Having had a major role in the majority of previous films in the series, the loss of Paul Walker meant that the film itself had to undergo major revisions – these included rewrites, a halt on production, a larger investment in special effects, and hiring three new actors to play the part of Walker’s character.  When it came to figure out how they would account for the absence of Walker, the film’s producers and director agreed that they would keep Walker’s character in Fast and Furious 7, considering a substantial number of his scenes had already been filmed.  To do so, they opted to have a computer-generated version of his face superimposed onto other actors.

In total, three people took turns in handling Walker’s role, two of which are actually Paul’s brothers and another one being an actor of similar height and physique.  The employment of three individuals to cover the role of one person, as well as the associated cost for creating a believable CG version of Walker’s face all added to production costs.

In addition to this, the amount of time that was spent halting production while figuring out how to handle the film without Walker added around $1 million a week to the production costs.  Between the new actors, the CG, delays and other associated costs, increased the film’s budget by 25% from its original $200 million to $250 million.  Because this additional $50 million has been the result of an unforeseen tragedy, the studio is looking to claim it on insurance.

While the claim is yet to be officially paid, its more likely than not that it will be.  If so, the $50 million claim will prove to be the biggest approved insurance claim in Hollywood history.  While it may prove to be a lot of money in terms of Hollywood payouts, it could have been much bigger.  If the studio had chosen to completely rewrite the film and remove Walker’s character from it entirely, then the additional production costs could have amounted to the same costs of the original budget.

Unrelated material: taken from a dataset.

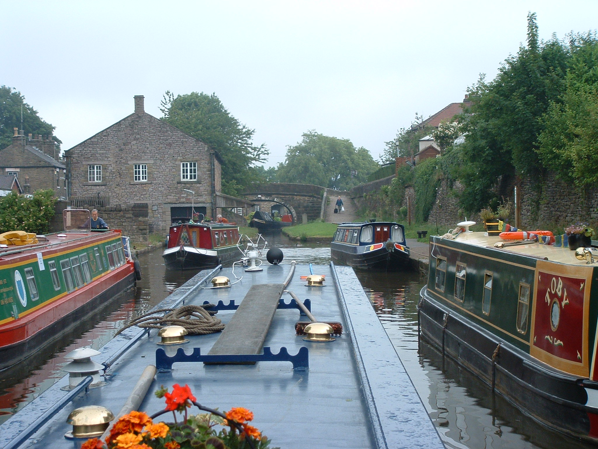 Macclesfield Canal just before Marple Junction Picture taken by uploader, Akke.

In the past, the passing of Hollywood stars have required sudden changes to film production.  The next instalment in The Hunger Games film series will also see some changes as a result of Philip Seymour Hoffman’s passing. While it was suggested that a computer-generated version of Hoffman’s character would be used to fill in any remaining scenes, the film’s director has stated otherwise.  Instead, he noted that already-available footage of Hoffman will be used where necessary.